Unbearably touched, she kissed the top of his head. “So were you.”

“This time.” He sucked in a deep breath. “Sheriff MacKade stood up for us. Emma and I want to go with you. We talked about it. We want to see the sheriff.”

“It might be better if I talked to him alone, just now. He’s feeling… He’s upset.”

“I have to talk to him. Please.”

How could she deny her child the same closure she needed for herself? “All right. We’ll go together.”

From his seat on the front porch of the farm, Devin saw them come out of the woods. He nearly got up and went inside, but it seemed a small and petty revenge.

They looked like a unit, he realized, and he supposed, however much it hurt him, that was what they needed to be.

His head was still aching, and his hands burned. But that was nothing compared to the pain in his gut as he watched Cassie and the children cross the wide front lawn.

There were bruises on her face, and on the boy’s. Fury flashed in his blood like lightning.
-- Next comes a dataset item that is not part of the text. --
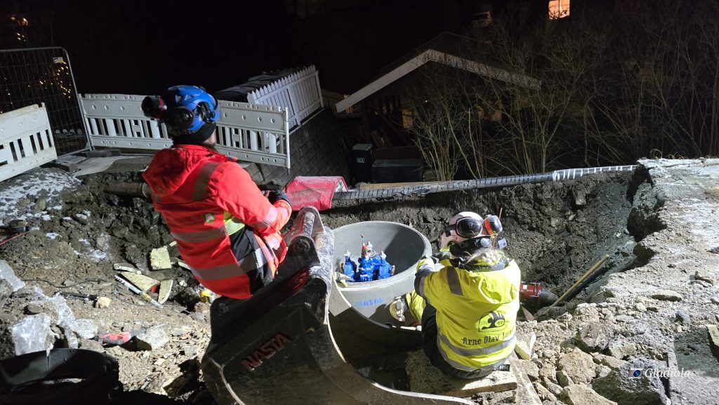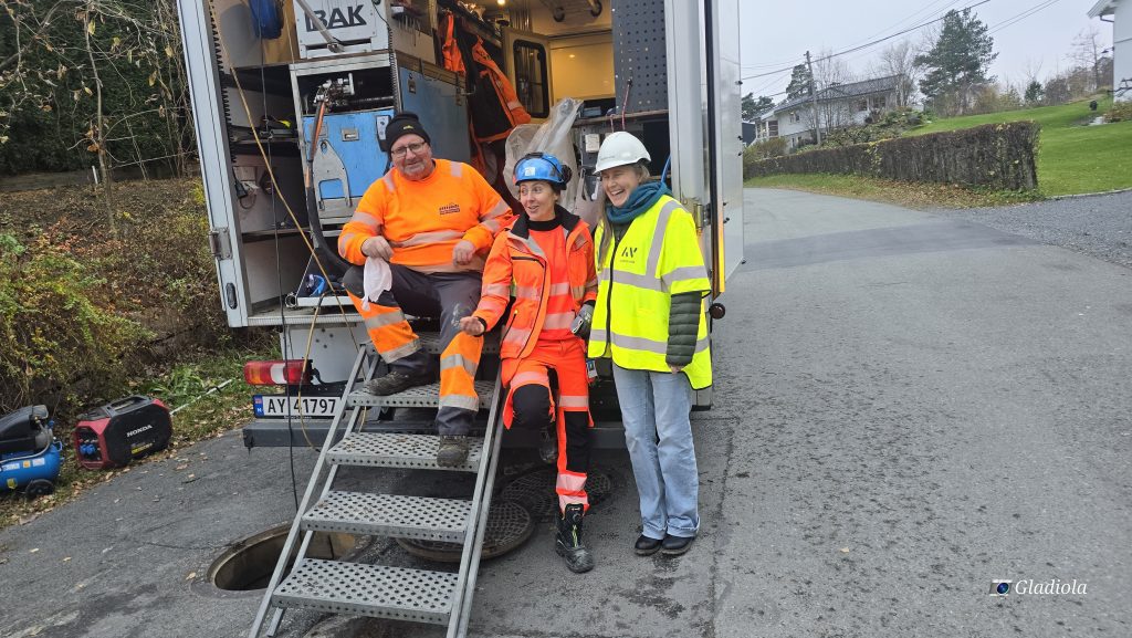 Fra prosjektet «Solhaugveien» hvor målet var å utbedre en kollapset PE-ledning i borehull i fjell. På bildet er entreprenør, representant fra ledningseier – Sylwia og rådgiver Martina Bergh Svedahl, som er VA-ingeniør i Asplan Viak og fagsekretær i RIN. Forutsetningen for at alt gikk bra, var et godt faglig samarbeid.

Then Emma broke away from Cassie’s hand and raced to him.

“We came to thank you because you took the bad man away.” She crawled right into his lap, as if she belonged there. “You have hurts.” Solemnly she touched her puckered lips to the cuts and bruises, to the white bandage on his temple. “Is that better now?”

He gave in for a moment and pressed his face into her hair. “Yeah, thanks.” Before Cassie could speak, he shifted Emma onto his knee. “If they haven’t contacted you, I can tell you they’ve already transferred him to the state prison. With the new charges—the escape, the assaults, grand theft auto, the weapons possession, assault with a deadly weapon and—” he ran his fingers over his ripped knuckles “—and resisting arrest, he’s not going to see the light of day again. You and your family have nothing to worry about.”

“Are you all right?” was all Cassie could manage.

“I’m fine. You?”

“Just fine.” Her fingers curled and uncurled over Connor’s. “We wanted to come and thank—”

“I was doing my job.”

“I told her you’d say that,” Connor said, and earned a mild glance from Devin.

“So, I’m predictable.” He looked back at Cassie. “You handled yourself well, Cass. You want to remember that. I’ve got work to do.”

As he started to set Emma down, Cassie moved forward. “Devin, please, don’t.”

“He hurt you.” The words burst out of him. “He hurt all of you, and I didn’t stop him.”

“You were shot, for God’s sake. You were lying there unconscious and bleeding.”

“The bad man was going to shoot you again,” Emma told him. “But Mama wouldn’t let him. She lay on top of you so he couldn’t.”